IDDSI Cooking Webinar – Part 2 – Starchy Foods2 Nov 2018
IDDSI Cooking Webinar -Part 2
Following on from our discussion on the fundamentals of choosing and cooking meats we now look at the characteristics of starchy foods and some of the challenges around modifying them for IDDSI Levels. We focus here on IDDSI Level 4 – Pureed. Click the link to our IDDSI cooking webinar at the bottom of the page for more details and recipes.
Starchy Foods – Rice, Potatoes and Pasta
Starch – A very quick look at the chemistry
Starch is made by plants in order to store energy for periods of time when it might be in short supply. Sugars that we taste as sweet can be made of one or two units – starches can be made of millions of units!
There are 2 types of starch found in plants Amylose and Amylopectin. These are stored in granules in the plant cells.
Amylose is a relatively straight, linear polysaccharide that can be made up of several thousand units.
Amylopectin is a branched polysaccharide that can be made up of several million units.
Linear molecules find it easier to stick together than kinked or branched ones do. This affects the properties of food stuffs that contain the different types of starch and will contribute to the qualities of foods with different proportions of the 2 types of starch.
The last thing we will say at this stage is that starch swells when heated in water. At temperatures between 50C-60C the starch will usually unravel, creating a tangled mesh of starch molecules that traps the water. This is called gelation and is the property of starch that allow for the thickening of sauces, texture of bread and the mouthfeel of noodles.
The starch molecules’ ability to bind therefore makes it sticky – something we need to avoid when creating modified foods for the IDDSI Levels.
There are thousands of different varieties of rice with a broad range of characteristics.
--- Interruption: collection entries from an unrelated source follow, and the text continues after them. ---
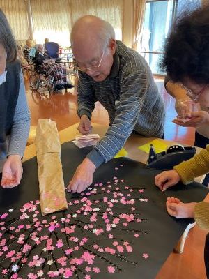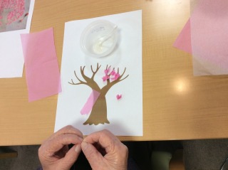 桜の貼り絵に挑戦してくださっています
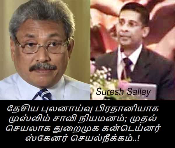 சுரேஷ் சாலியை தேசிய புலனாய்வு பிரதானியாக நியமிக்க எடுக்கப்பட்ட முடிவு பலத்த சந்தேகத்தை ஏற்படுத்தியுள்ளது. சுரேஷ் சாலி பதவியேற்ற பின்னர் துறைமுகத்தில் வெளிநாடுகளில் இருந்து இறக்குமதி செய்யப்படும் கன்டெய்னர்களை ஸ்கேன் செய்யும் இயந்திரம் செயலிழப்பு செய்யப்பட்டுள்ளது. இந்த ஸ்கேனர் இயந்திரத்தை நல்லாட்சி அரசாங்கமே அறிமுகப்படுத்தியது. கன்டேனரை செயலிழக்க செய்தமைக்கு அபூர்வமான காரணம் ஒன்றை முன்வைத்துள்ளனர். ஸ்கேனர் இயந்திரம் கொள்வனவு செய்யப்படும் போது முறைப்பாடுகள் இடம்பெற்றதாகவும் ஸ்கேன் செய்வதன் மூலம் காலதாமதம் ஏற்படுவதாக காரணம் கூறியே குறித்த ஸ்கேனர் இயந்திரம் செயலிழக்கச் செய்யப்பட்டுள்ளது. ஸ்கேன் செய்யாமல் நாட்டுக்குள் வெளிநாட்டிலிருந்து கன்டேய்னர்களை அனுமதிப்பது பாதுகாப்பை உறுதிபடுத்துமா? அல்லது பாதுகாப்பை இல்லாத செய்யுமா? என்பதை முஸ்லிம் நபரொருவரை தேசிய புலனாய்வு பிரிவு பிரதானியாக நியமித்த அமெரிக்க பிரஜையே கூற வேண்டும். தேசிய பாதுகாப்பிற்கு அச்சுறுத்தலாக இருக்கிறார்கள் என்று கூறப்பட்ட முஸ்லிம் அடிப்படைவாதிகள் தரப்பிலிருந்து ஒருவரை தேசிய புலனாய்வு பணிப்பாளராக நியமித்தமை தொடர்பில் ஜனாதிபதி நிச்சயம் கருத்து தெரிவிக்க வேண்டும். அப்படி இல்லையேல் 'தெங் செப்பத' (இப்போது சுகமா) என்று மக்களை நோக்கி கேள்வி கேட்க நேரிடும்.
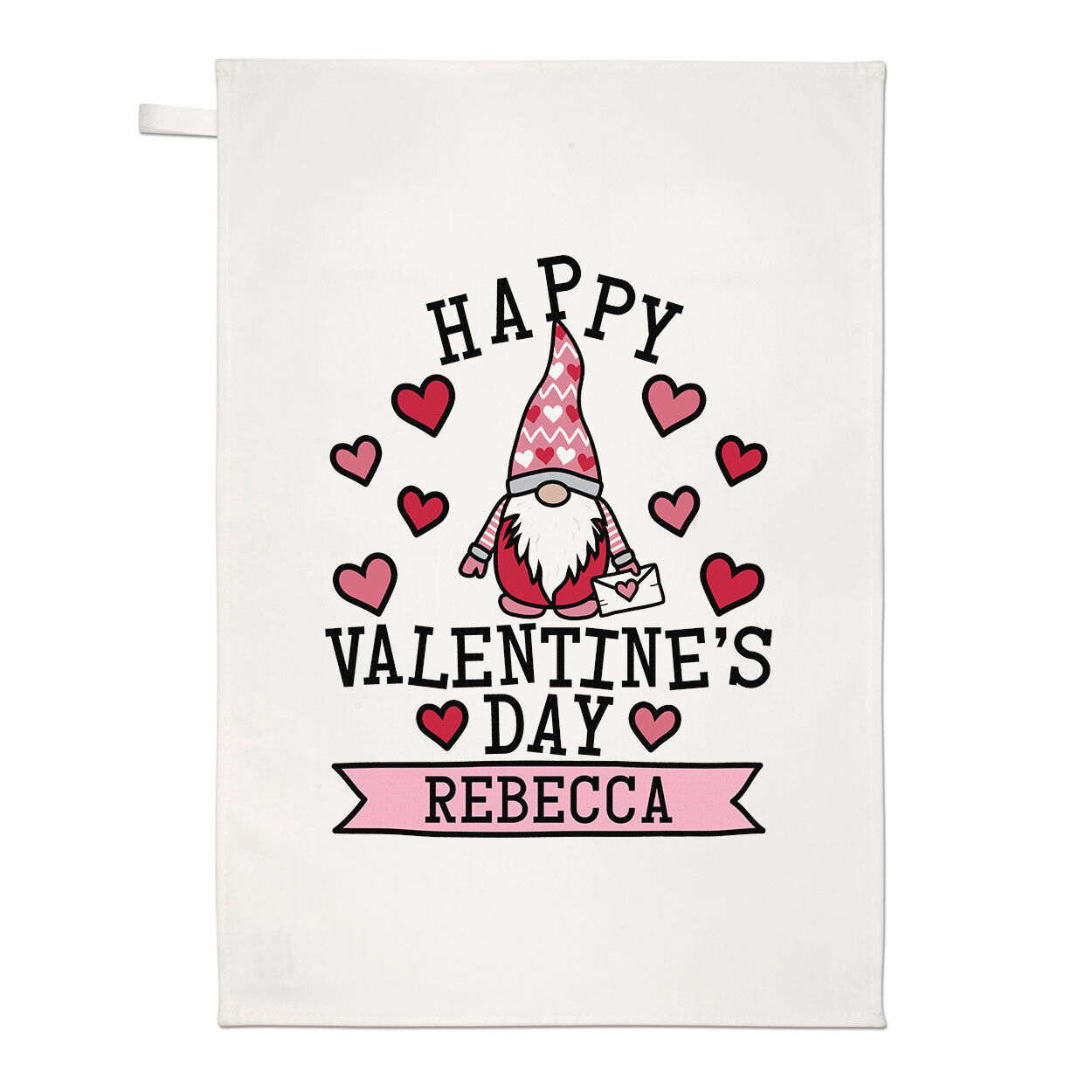 Personalised Happy Valentine's Day Gonk Gnome Tea Towel Girlfriend Wife Love

At one end of the range is ‘sticky’ rice – this is made up primarily of amylopectin, the branched variety of starch. As the branches reduce the stability of the connecting molecules of starch the result is that it leaches easily into the cooking water. When the grains are fully cooked and drained the starches freed during the process sticks the rice together making it cohesive and giving its name.
Short grains such as arborio, carnaroli and pudding rice have similar characteristics to sticky rice.
Long grain rice have proportionally much more amylose than the shorter grain varieties. This is more stable during the cooking process and so once fully cooked the grains will be fluffy and separate.
Long grains include Basmati rice.
In our research we fully cooked (overcooked) both varieties and then blended with water, oil and a combination of both. The biggest finding was that the shorter, so called ‘sticky’ varieties were less sticky than their long grain cousins.
Ultimately both varieties had overly sticky textures that would be unsuitable at IDDSI Level 4 – and on it’s own pureed rice is not very pleasant.
Rice is usually eaten with other elements that are usually wet and saucy. We took our thinking down this path and made risotto style dishes, blended these down and added other purees that complimented the flavour. This started to soften the sticky nature of the rice purees and made them delicious to eat.
Again there are lots and lots of varieties of potato. In our efforts to find some clarity around making potato puree suitable for IDDSI Level 4 we looked into ‘pomme puree’ recipes served in top restaurants around the world (Including Heston Blumenthal and Joel Robuchon) and spoke with potato producers and suppliers. This gave us a great insight into the make up of potatoes, dry matter and such – however the characteristics of theses luxurious preparations with their unctuous mouthfeel make them unsuitable within the IDDSI framework.
So if you can pardon the pun – when we boil it down there are waxy salad potato varieties such as Charlotte and mealy floury varieties such as Maris Piper.
For an IDDSI Level 4 texture we found that the mealy floury varieties were best.
Scrub and cut the potatoes into 1 cm slices (by leaving the washed skins on the potatoes the earthy potato flavour is developed) and cook in well seasoned water.
As soon as the potatoes are totally soft pass through a sieve or a ricer and add in oil and full fat milk to the desired consistency.
We looked at 100% Durum wheat pasta for our study. Different varieties of pasta had the same characteristics – the only difference was in the length of time it took to fully cook (overcook) the pasta.
Quantities of pasta to liquid in the blending process was around 50/50 and we found that using thin but flavourful sauces helped in reducing the sticky nature of the starchy pasta. Pasta is served coated with a sauce so this is the same thinking as with the rice modifications.
When developing recipes around starchy foods be careful as they can thicken quite considerably as they cool. You will find that if you are making your IDDSI texture checks when the food is piping hot the food will over-thicken as it cools. Leave it to an eating temperature before you test the texture – you will find that this problem is greatly reduced. If your proportion of pasta to sauce is right the purees you make should be IDDSI Level 4 compliant.